3 Group saw “solid improvements” in its operating results for 2011 in all markets except Australia, according to figures released by parent Hutchison Whampoa.

The conglomerate is also optimistic about 3’s performance moving forward, stating that “despite Europe being affected by economic and financial uncertainties, 3 Group has maintained its growth momentum in the smartphone and mobile broadband market segments this year and will make an improved earnings contribution to [Hutchison’s] results in 2012.”

3 Group reported total revenue of HKD74.29 billion (US$9.6 billion), a 16 percent year-on-year increase. EBIT of HKD1.48 billion marks the second year of positive results at this level, although it was 49 percent down compared with 2010 due to lower one-off gains being recognised by operating units in the UK and Italy.
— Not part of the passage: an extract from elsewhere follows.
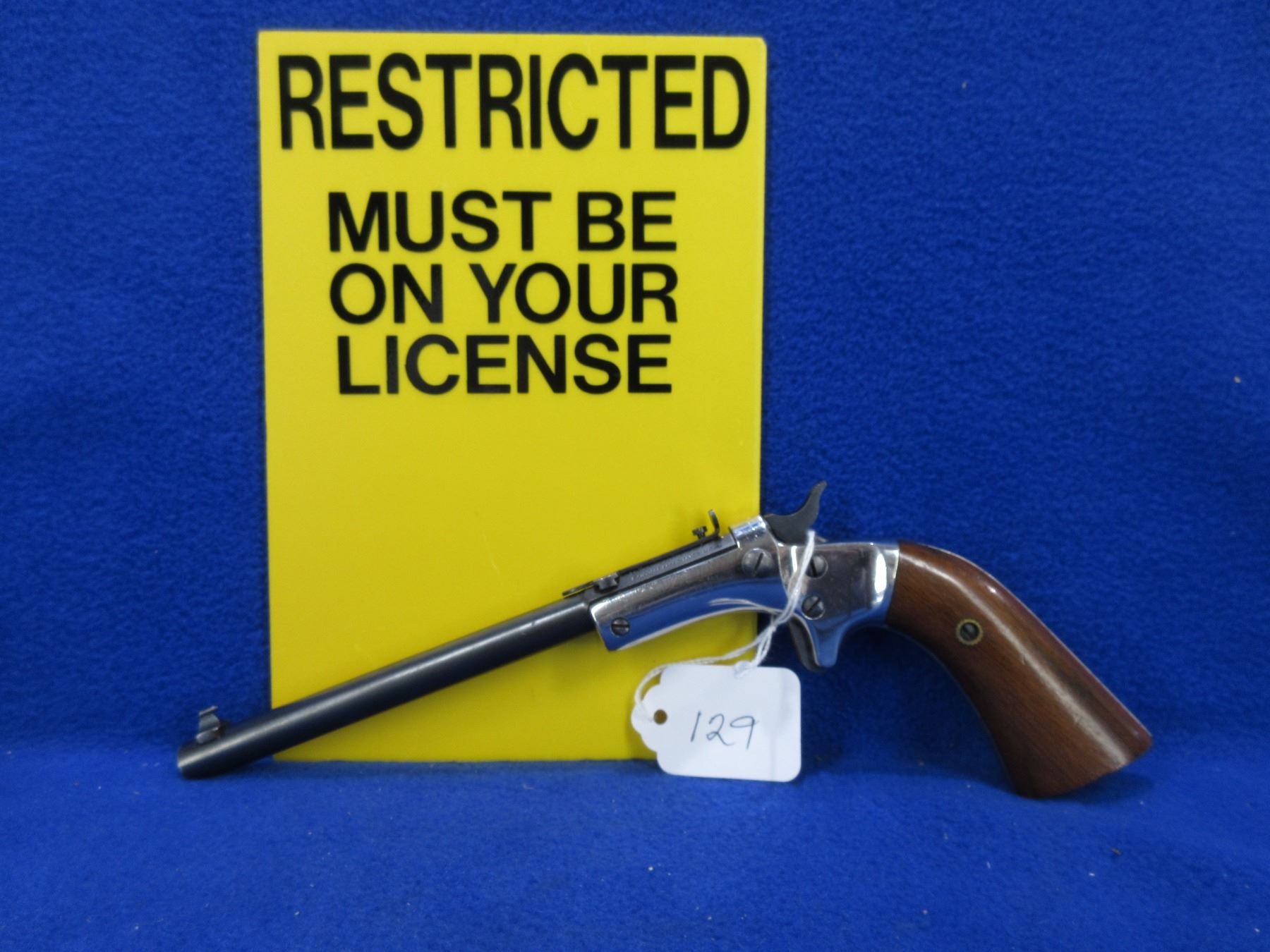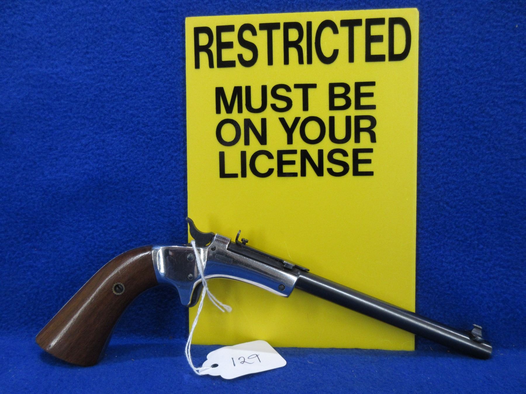 Restricted - Stevens No. 35 Target in 22 LR - This single shot tip up pistol appears to be in very good working order. Barrel is 152MM, rifling good to very good, nickel finish and bluing very good, adjustable front sight, adjustable rear sight, wood grips are good to very good. Ser # 99446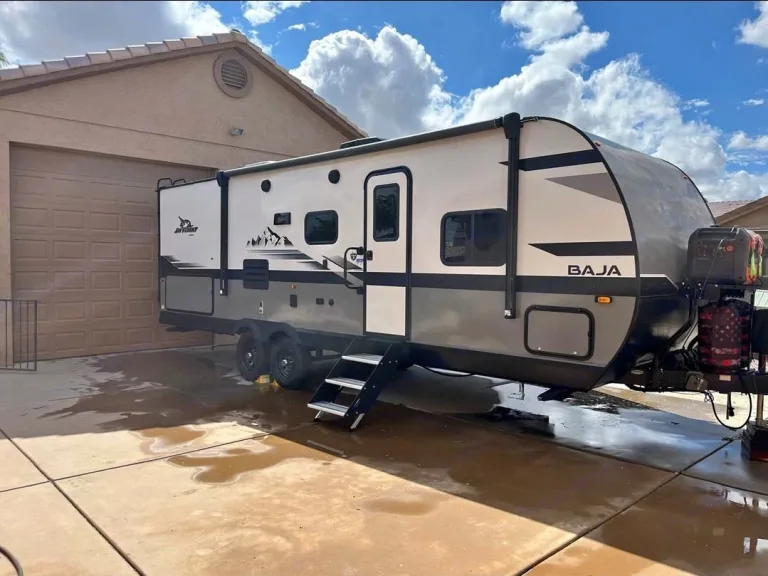 Outdoor awning – Great for relaxing in the shade.Delivery available! We can bring the RV right to your campsite or home for easy setup.Add-ons available:Generator – Great for dry camping or boondocking.Blackstone griddle – Perfect for outdoor cooking and family meals.Whether you’re planning a weekend getaway, a family road trip, or a desert escape, this Jayco Baja Edition has everything you need to make your trip comfortable, fun, and worry-free.Ce qui est inclus• Hitch/Sway bars

The company’s registered 3G customer base increased by 7 percent during the period, and currently totals more than 31.6 million customers.

Hutchison’s Australian business suffered during the first half of 2011 as a result of network performance issue, with the company having “invested a significant amount” to drive network improvement plans at this unit. It said that there will be a focus on improving the financial performance for this business in 2012.

The company also saw a one-time write-off of HKD1.3 billion as the result of a revaluation of the asset base at 3 UK, following a network integration programme.

It also noted that it is still awaiting regulatory approval for a plan to acquire Orange Austria, a deal which was this week reported to be facing some hurdles.